§ **Work item**: Nothing should appear in the answer except the lines below from the line containing "Located 10 minutes" through the line containing "- ar ذوو المخطوفين", copied exactly, with pictures left out.

§ **Source records**:
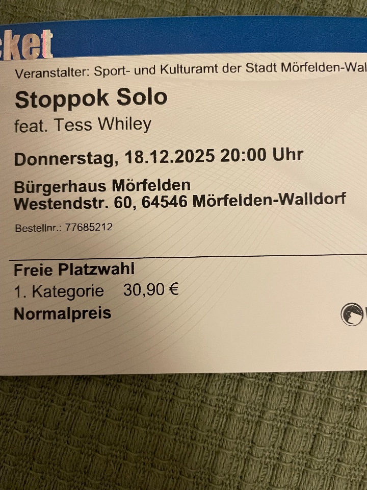 ich hab zwei Karten für das Stoppok Konzert am 18. Dezember in Mörfelden-Walldorf abzugeben.
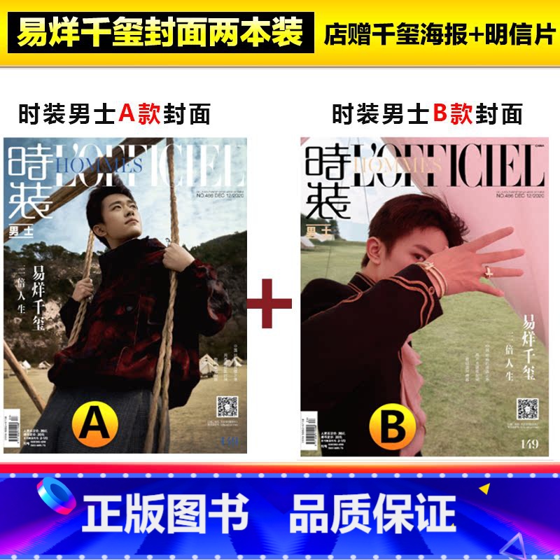 【正版】 时装男士杂志 易烊千玺封面A+B2本套装+店赠千玺海报+明信片+飞机盒 时装男士杂志2020年12月/期
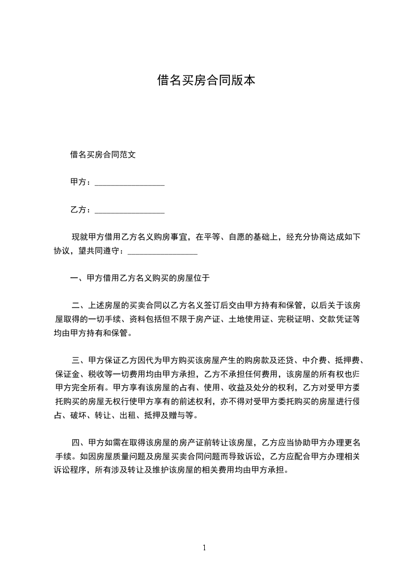 第一条甲方以乙方名义为甲方购买了______市二手房一套,房地产位于_________________,房屋面积______平米。乙方同意,购房合同由甲方持有和保管。
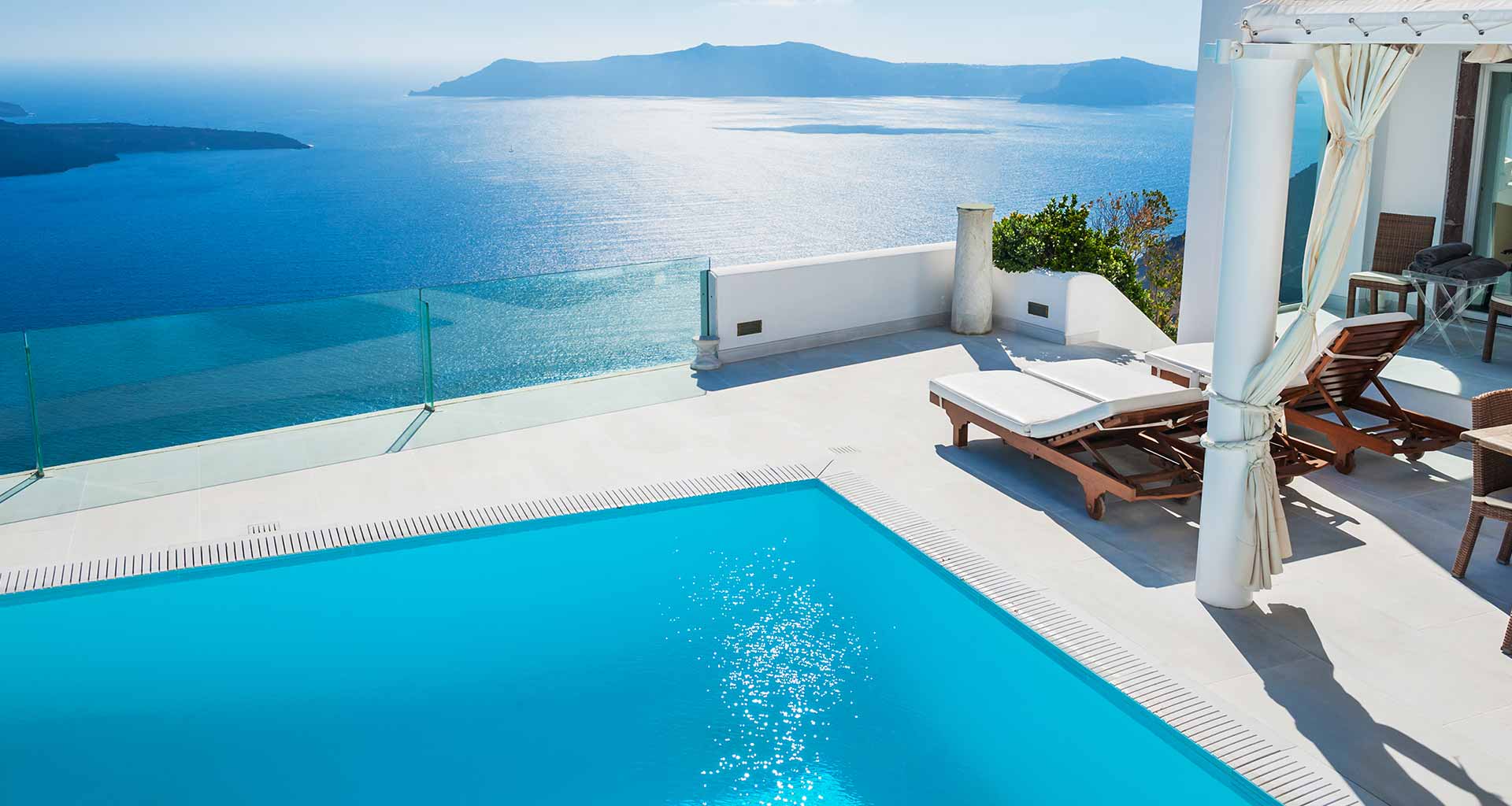 Located 10 minutes walking distance from the excavations of ancient Akrotiri and 150 meters from the nearest beach, Neptune Luxury Spa Suites is a new built complex offering uninterrupted views of the Volcano, Caldera and Aegean Sea.
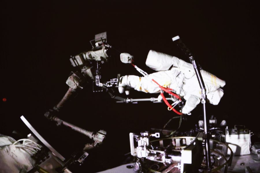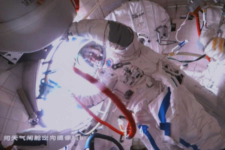 2022年9月2日,神十四航天员进行首次出舱活动。这是在北京航天飞行控制中心拍摄的航天员刘洋(左)结束出舱任务正在返回的画面。
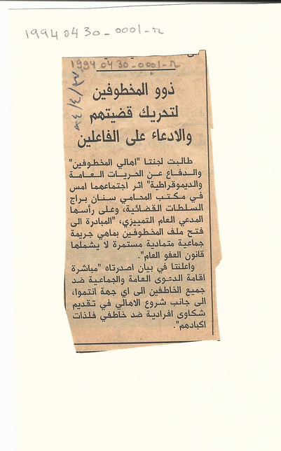 - ar ذوو المخطوفين لتحريك قضيتهم والإدعاءعلى الفاعلين
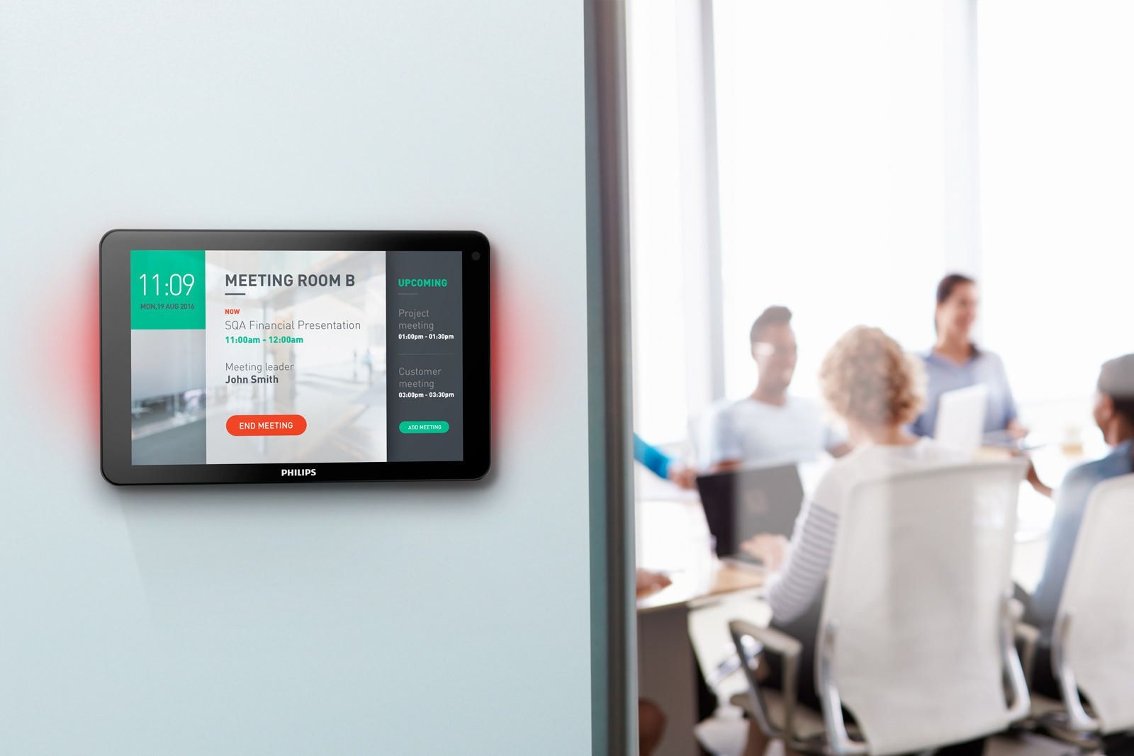 Ce système de réservation Philips est équipé de barres de LED vous indiquant l'état de la salle de réunion d'un simple coup d'oeil. Fonctionnant sous Android, il vous permet d'enregistrer votre propre application directement dans l'écran ou d'en sélectionner une dans le vaste catalogue proposé.
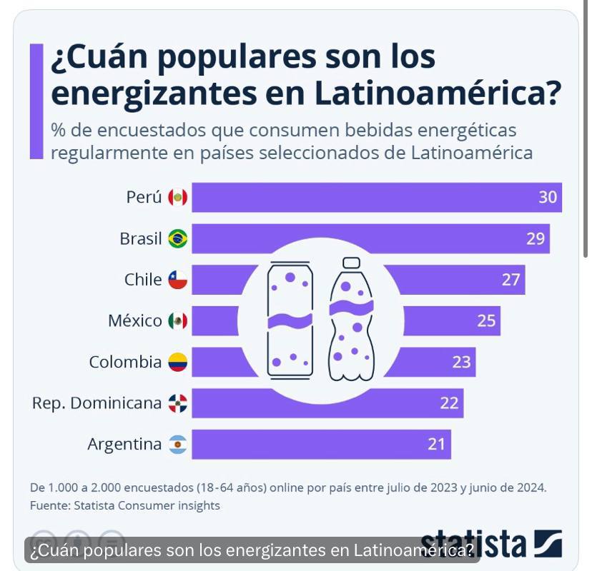 В Перу регулярно употребляют энергетики 30% населения (18-64 лет). Это самый большой показатель в Латинской Америке. И, возможно, в мире, судя по общей статистике региона.

§ **Output**:
 Located 10 minutes walking distance from the excavations of ancient Akrotiri and 150 meters from the nearest beach, Neptune Luxury Spa Suites is a new built complex offering uninterrupted views of the Volcano, Caldera and Aegean Sea.
 2022年9月2日,神十四航天员进行首次出舱活动。这是在北京航天飞行控制中心拍摄的航天员刘洋(左)结束出舱任务正在返回的画面。
 - ar ذوو المخطوفين لتحريك قضيتهم والإدعاءعلى الفاعلين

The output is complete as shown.